Starting at the first line of the listing below, repeat each line exactly until the line containing "현장에 눈이 내리고 있다.", which you include. Leave out pictures.

Data extract:

* * * *

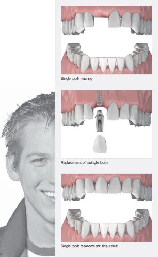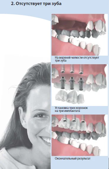 1.Имплантами можно замещать отсутствующий зуб без препарирования (обточки) соседних зубов, т.е. ранее для восстановления одного отсутствующего зуба обтачивались два соседних зуба для изготовления мостовидного протеза.
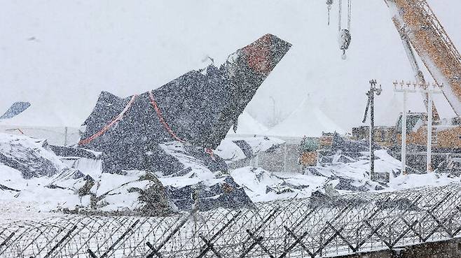 ▲ 제주항공 여객기 참사 열흘째인 7일 전남 무안군 무안국제공항 사고 현장에 눈이 내리고 있다.
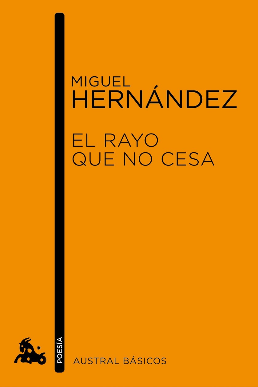 Miguel Hernández nació en Orihuela en 1910 y, condenado por su militancia en el bando republicano durante la guerra civil, murió en la cárcel en 1942. Comenzó a escribir poemas siendo pastor de cabras, pero muy pronto alcanzó su gran madurez reflejada en el libro Perito en lunas. EL RAYO QUE NO CESA, resultado y testimonio de una profunda crisis vital, es uno de los más conmovedores libros de poesía castellana. El descubrimiento del amor constituye para el autor una extraordinaria aventura poética. Empieza a explorar una nueva dimensión de su ser y descubre que amor y muerte son cara y cruz de una misma moneda. De ahí brota la vivencia básica de la pena, que rebasando los límites personales, hace al poeta cargar, solidario, con el dolor de todos los desheredados. Autor de estudios básicos para el conocimiento de la época y del poeta- La poesía entre pureza y revolución y La poesía de Miguel Hernández-, Juan Cano Ballesta ofrece en este volumen una guía segura para adentrarse en la riqueza de El RAYO QUE NO CESA, así como en los poemas de El silbo vulnerado y los publicados en la revista El Gallo Crisis que dirigió Ramón Sijé, su compañero del alma.

* * * *

Written response:
 1.Имплантами можно замещать отсутствующий зуб без препарирования (обточки) соседних зубов, т.е. ранее для восстановления одного отсутствующего зуба обтачивались два соседних зуба для изготовления мостовидного протеза.
 ▲ 제주항공 여객기 참사 열흘째인 7일 전남 무안군 무안국제공항 사고 현장에 눈이 내리고 있다.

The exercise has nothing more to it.